7704A
Well-known member
I think this is a key point. My understanding is that our auditory memory is very short, and easily corrupted by our own perception. So by the time you swap speakers/pickups/tubes/crystal lettuces/whatever, unless it took less than around six seconds, your memory of the previous sound is corrupted/inaccurate. I'll have to find where I read that tidbit though, I seem to recall it being somewhere more academic than a guitar forum.But how much of it is only in our head ?
Likewise, I've been amazed at how much doing a blind test changes things. I don't mean Fricker's tests, I mean loading two tracks up in my DAW then running a blind test plug-in on them so I don't know which track is which, but can toggle between them, rate them, and then see the results after.
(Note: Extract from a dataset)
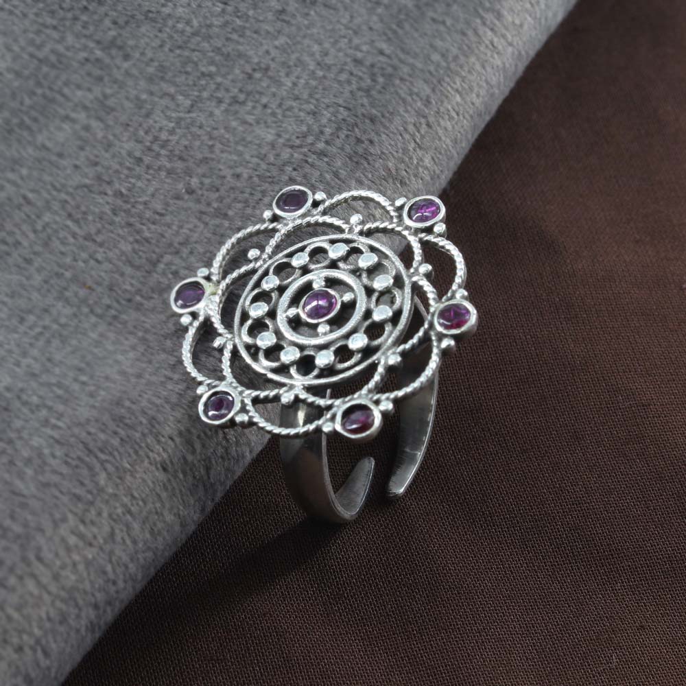 This oxidized ring is crafted from high-quality 925 sterling silver, adorned with sparkling cubic zirconia stones. With its tribal-inspired design, it adds a touch of ancient elegance to any outfit. Made with precision and attention to detail, it is a timeless piece that exudes sophistication and luxury.
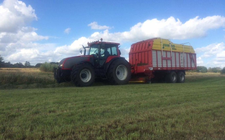 Vi tilbyder opsamling af græs med snittervogn. Vi kører altid med skarpe knive.

It's completely disorienting, and I didn't realize how much I was anchoring to what I believed the track to be a recording of until I flipped the test switch and suddenly felt completely lost. Ended up with different conclusions about the gear I liked than I started the test with. E.g., I thought I preferred SRO's over EVM12S speakers 'cause of the mids and highs, and that is what I usually heard, but after doing the blind test I noticed that the SRO has the same slightly raspy top that the 12L does, and that the 12S doesn't. Another time I ranked a Swamp Thang above a 12L. I guess my point is, unless the comparison consists of a blind test where the two samples are instantaneously switched between, I don't put much stock in statements from musicians about how much better their rig sounds after changing to wooden control knobs or whatever.